___ Records provided

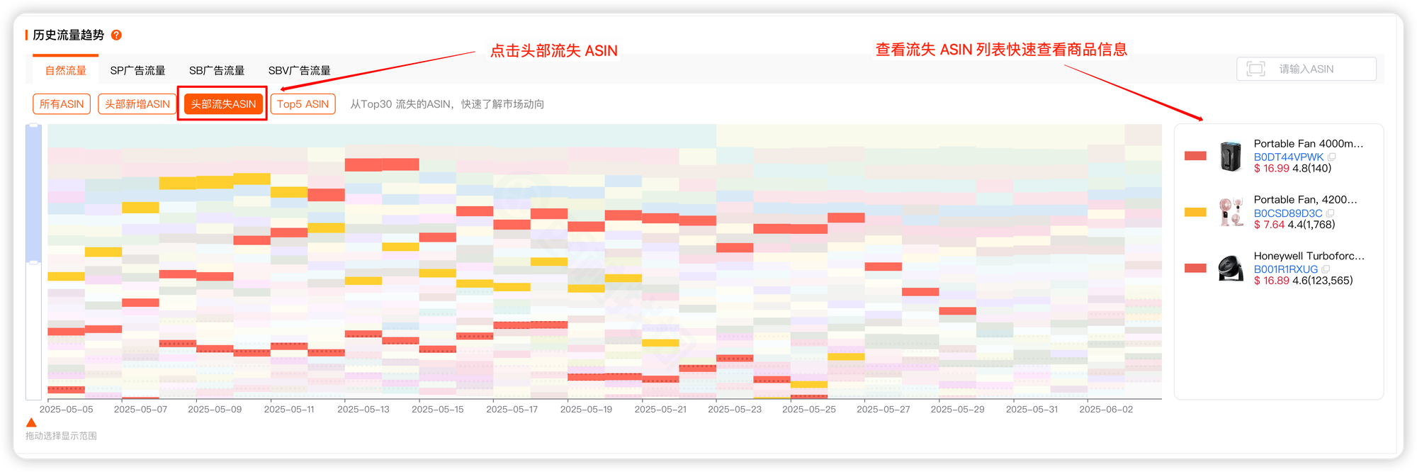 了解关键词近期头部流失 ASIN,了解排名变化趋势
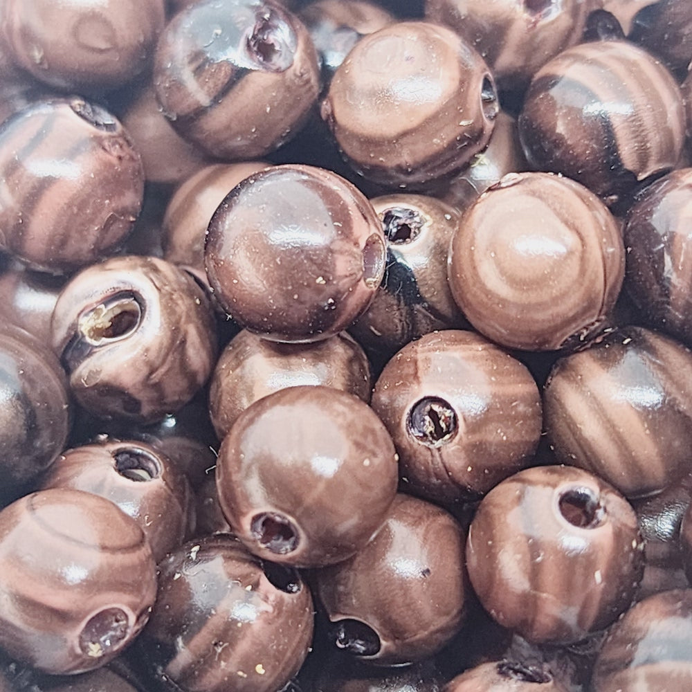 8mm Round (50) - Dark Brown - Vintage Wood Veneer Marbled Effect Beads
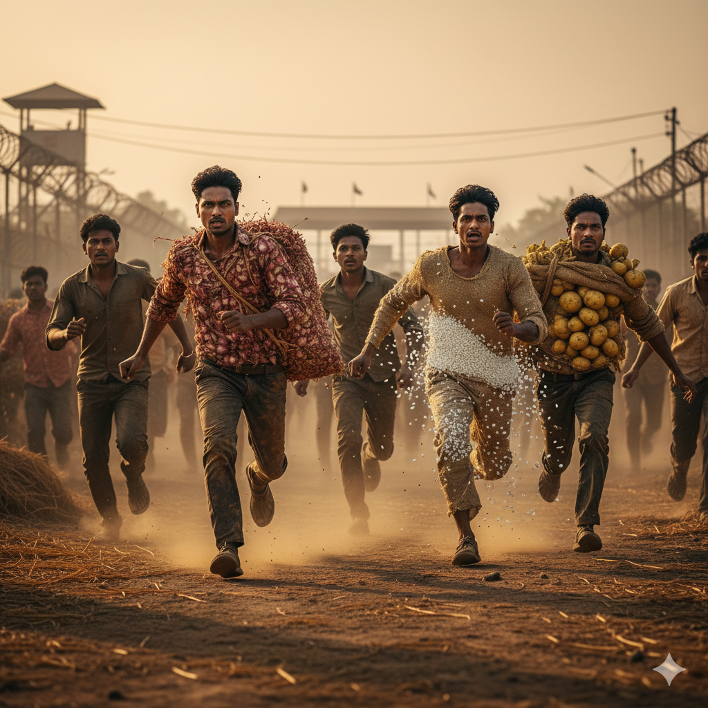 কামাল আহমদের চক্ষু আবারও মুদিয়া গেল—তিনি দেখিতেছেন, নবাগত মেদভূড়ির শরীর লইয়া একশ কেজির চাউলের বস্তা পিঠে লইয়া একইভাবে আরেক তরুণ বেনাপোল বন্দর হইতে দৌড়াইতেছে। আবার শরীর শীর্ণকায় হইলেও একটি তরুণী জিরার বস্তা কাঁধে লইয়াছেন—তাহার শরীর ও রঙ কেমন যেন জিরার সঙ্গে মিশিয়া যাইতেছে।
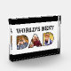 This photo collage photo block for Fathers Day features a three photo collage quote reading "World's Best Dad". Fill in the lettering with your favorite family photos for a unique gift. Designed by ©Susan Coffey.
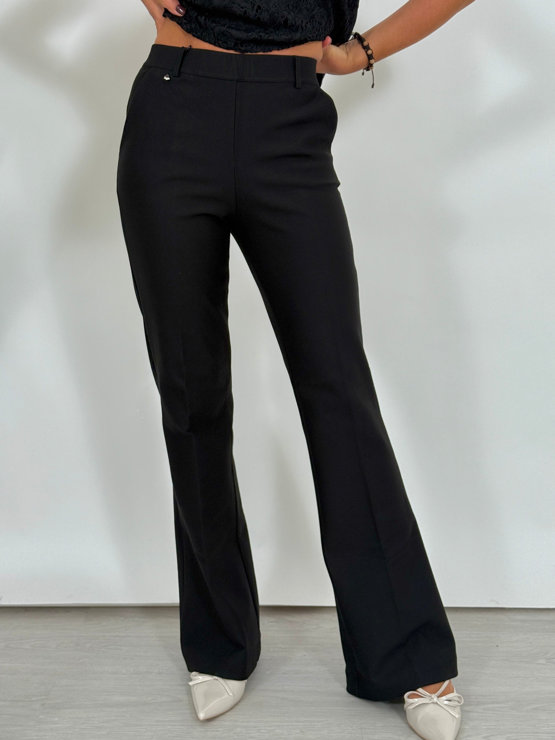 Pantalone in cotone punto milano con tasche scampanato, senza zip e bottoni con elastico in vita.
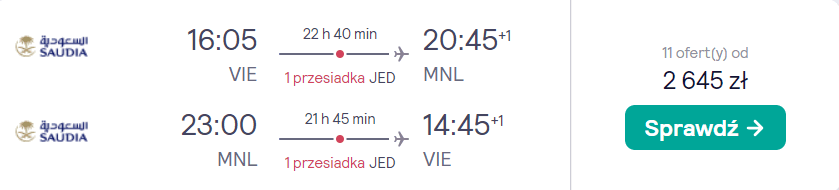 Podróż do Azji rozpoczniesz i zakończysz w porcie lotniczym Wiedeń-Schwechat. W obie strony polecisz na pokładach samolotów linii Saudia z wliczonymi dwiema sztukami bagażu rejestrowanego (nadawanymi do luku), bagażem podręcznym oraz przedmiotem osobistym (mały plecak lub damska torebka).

______

▶ Exercise aim
Exactly as they appear, please return only the lines from the first line of the records through the line containing "8mm Round (50)", both included, leaving out all pictures.

▶ Written response
 了解关键词近期头部流失 ASIN,了解排名变化趋势
 8mm Round (50) - Dark Brown - Vintage Wood Veneer Marbled Effect Beads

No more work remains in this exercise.